I spoke with Bevin Croft and David Weintraub, who represent four couples with pre-and primary school children, forming a pod to manage their children’s education and lives together while remaining safe. I’ve known Bevin since 2007. We became fast friends; I officiated at her wedding.

Health Hats: When did you give what you were doing a name?

Bevin: We used the name ‘pod’ because that was already like in the consciousness, like on the internet, as people were doing. They were creating pods.

Health Hats: When was the first time you did that? About yourselves?

Bevin: Yeah, we broke the seal. We had been discussing it, and we were all hanging out outside with the kids, which we had been doing regularly. And it was in May, although I don’t remember the exact day. And we were just like. Fuck it.

David: Yeah. We’re like, ‘ This is stupid. ‘ We’re gonna do it. This is dumb. Like, why don’t we just hang out?

Bevin: We just started hanging out, and we never stopped,

David: But there were some slight complications because the Owens moved to Hawaii. I think they moved in mid-April. I think they moved on April 15th or something. And they went for six months, from April 15th to October 15th.

Bevin: It was our very close, tight-knit group of 19 people, five families. Four of the five families decided to do this.

David: Three. No, the Chulas were not part of it.

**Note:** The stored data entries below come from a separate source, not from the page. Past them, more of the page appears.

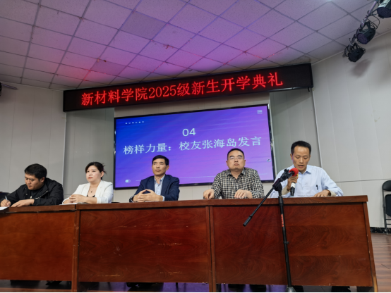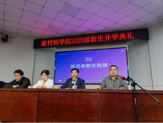 院长陈思顺教授以《逐梦新材料,启航新征程》为题致辞,强调新材料对国家科技发展的重要性,勉励新生夯实专业基础、勇于创新,将个人理想融入国家战略。他引用李白诗句"少年负壮气,奋烈自有时",激励学子把握青春时光,在新材料领域开拓进取。
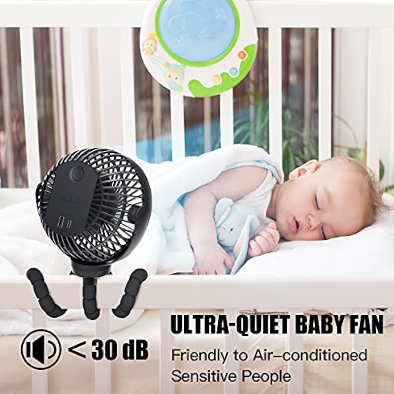 - IMPROVED COOL AIRFLOW, MIGHTY YET QUIET BRUSHLESS MOTOR: Small but sturdy, this small portable baby fan has three different speeds, designed to keep your baby cool without an irritating noise. Its powerful 5000RPM turbo motor, giving you an instant breeze of up to three meters. Mighty yet quiet fan for baby stroller, bed, office, home. Now is the time to invest in a decent portable fan that will keep you cool all summer long.
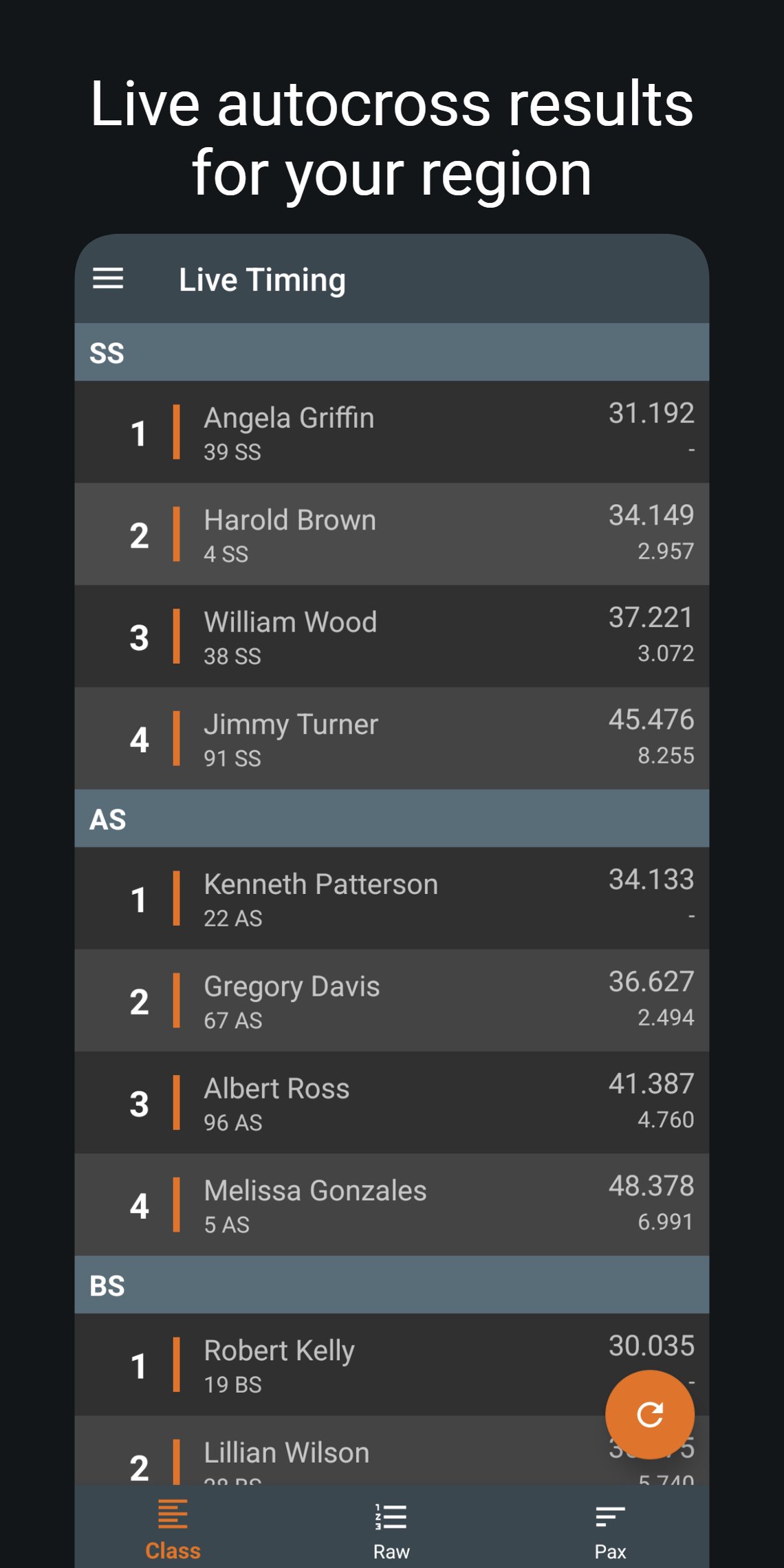 View class times, PAX times, and raw times in real time using the Live Timing app.

Bevin: The Owens were before they moved to, that’s right. Yeah. So, when we were like, screw it, we wanna hang out. It was these four families. The fifth family had another family with whom they had already podded; they also podded with another family with whom they shared some childcare arrangements. Yeah. Bennie and Allie. So they didn’t pod with us. So, it was the four. Anyway. Yeah. It was at least these three families. And then a couple of other close families came and went.

Rules

We just started hanging out together. And it became evident very quickly that we also had to establish some rules because, back then, it was as if you were hanging out with us and your parents. Then what if we get each other sick, and then we bring it to, yeah, a parent, and then that parent gets sick and dies, and then we live with the guilt that we were messy? Those were the kinds of stakes and conversations we had to have. So, effectively, we didn’t spend time with our parents.

David: Correct.

Bevin: And hung out with each other. One of the calculations was that for day-to-day sanity and closeness, and this is true. In general, I think your friends are the most important for people.  Not for everybody, but for us. And for a lot of people in our stage of life. Yeah. Having close friends who, with other kids the same age as your kids, was more essential. Yeah. To us socially.

Not easy

David: It was also hard. It was hard for me because my sister lives in Arlington and has two boys. She was upset that we couldn’t see them outside very often. We would go bike riding in a parking lot just to see each other. But we couldn’t hug or be in close contact, we couldn’t be indoors, and that wore on them, and it wore on us a lot. But Bevin is right. We chose that because Jasper and Ivy live five doors down, right? And it just made more sense to have a close, literal, and emotional connection as the main connection at that point. However, it was challenging, as I had numerous tense conversations and non-conversations with my family members about that. Nothing was ever said that was mean or vindictive, but I think everybody felt the tension. Like I felt it, Jessie felt it, my sister felt it, her kids felt it, our kids felt it. So that was really hard. But at the same time, I think that having that pod was really necessary at that point.

Priorities

Health Hats: You just mentioned a specific challenge with it. What was challenging for you?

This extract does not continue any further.